11.   WARRANTS               
      AND OPTIONS:            The Company sold 100,000 warrants to the Company's
                              Underwriter ("Underwriter's Warrants") in
                              September 1992 for an aggregate of $100. The
                              Underwriter's Warrants, as
                              adjusted, entitle the Underwriter, or its
                              assignees, to purchase up to 566,038 shares of
                              common stock at an exercise price of $1.06 and an
                              aggregate of 100,000 warrants exercisable at
                              $2.50. All of the Underwriter's Warrants expire on
                              September 24, 1998. In 1996, 84,906 of the
                              Underwriter's Warrants were exercised.

                              The Underwriter has agreed not to sell or
                              otherwise dispose of Underwriter's Warrants prior
                              to September 24, 1997, unless the Company (i) is
                              able to complete an underwritten secondary public
                              offering, or (ii) obtains $11,000,000 of gross
                              revenue as shown on its audited financial
                              statements or as shown on a pro forma basis with
                              any acquired company, for the then current fiscal
                              year, at which time the lock-up would be
                              terminated.

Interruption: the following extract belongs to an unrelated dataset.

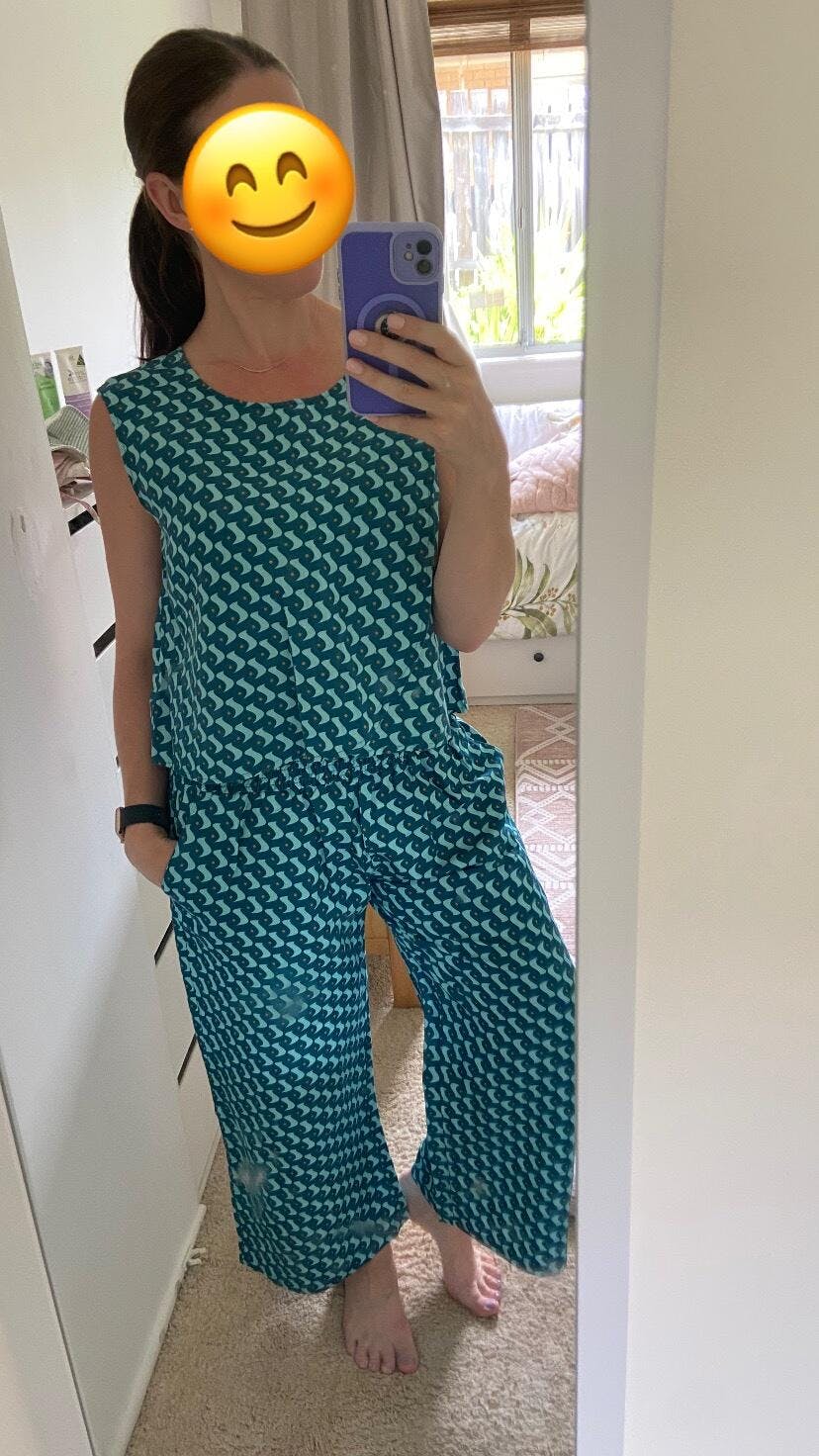 I’m not usually one for a matching set, I got this thinking I could pair the pants with a different top and vice versa, but as soon as I tried it on I love it! Fun print, great quality and the high waisted pants are so comfy! I got a size 10 and it’s true to size.

                                      F-12

<PAGE>

                              In January 1995, the Company issued stock options
                              to purchase 30,000 common shares at $3.00 per
                              share to a consultant, who subsequently became a
                              director. These options expire in February 2000.
                              The Company also issued stock options to a
                              consultant to purchase 120,000 common shares at
                              $3.00 per share, which options and accompanying
                              consulting agreement were terminated by the
                              Company and are the subject of a lawsuit. In April
                              1995, the Company also granted options to purchase
                              20,000 shares at $2.00 per share to its counsel.
                              All of these options are outside the Employee
                              Stock Option Plans and expire in April 2000. In
                              January 1996, the Company issued stock options to
                              purchase 18,500 shares at $1.06 per share to the
                              director mentioned above.

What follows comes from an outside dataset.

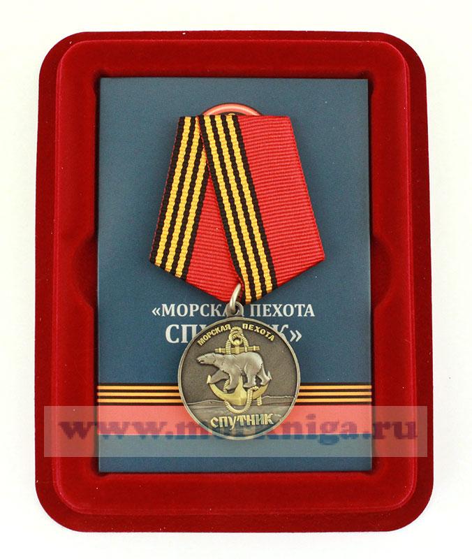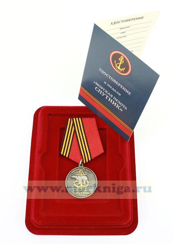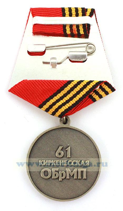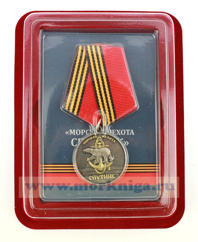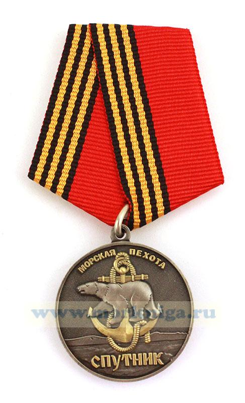 Медаль "Морская пехота. Спутник. 61 Киркенесская ОБрМП" изготовлена из темно-серебристого металла, имеет форму круга диаметром 32 мм с выпуклым бортиком с обеих сторон. Лицевую сторону медали занимает изображение медведя. На заднем фоне помещен якорь. По верхнему полукругу надпись «Морская пехота», по нижнему – «Спутник». На оборотной стороне в три строки выбито «61 Киркенесская ОБрМП».

                              In March 1996, the Company issued 300,000 warrants
                              to Barber and Bronson, Inc. as partial
                              compensation for acting as the Company's Placement
                              Agent for its private placement of equity. These
                              warrants entitle the placement agent to purchase
                              300,000 shares of common stock at an exercise
                              price of $1 during the five-year period commencing
                              June 19, 1996.

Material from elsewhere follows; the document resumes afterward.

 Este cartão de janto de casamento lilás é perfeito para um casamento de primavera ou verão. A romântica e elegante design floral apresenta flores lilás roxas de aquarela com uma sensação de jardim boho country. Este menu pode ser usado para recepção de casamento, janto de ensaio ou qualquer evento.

                              The Company's Placement Agent also received a
                              warrant ("Placement Agent's Warrant") in June
                              1996. The Placement Agent's Warrant entitles the
                              Placement Agent to purchase up to 8.2 units, each
                              consisting of 25,000 shares of common stock and
                              warrants to purchase 12,500 common shares, at an
                              exercise price of $1.00 during the five-year
                              period commencing June 19, 1996. The Placement
                              Agent, pursuant to a consulting agreement, will
                              provide financial consulting services for two
                              years, starting March 5, 1998 at a rate of $3,000
                              per month.

                              In September 1996, the Company issued 10,000
                              warrants to two directors at an exercise price of
                              $2.00 per share of common stock. These warrants
                              expire in 2001.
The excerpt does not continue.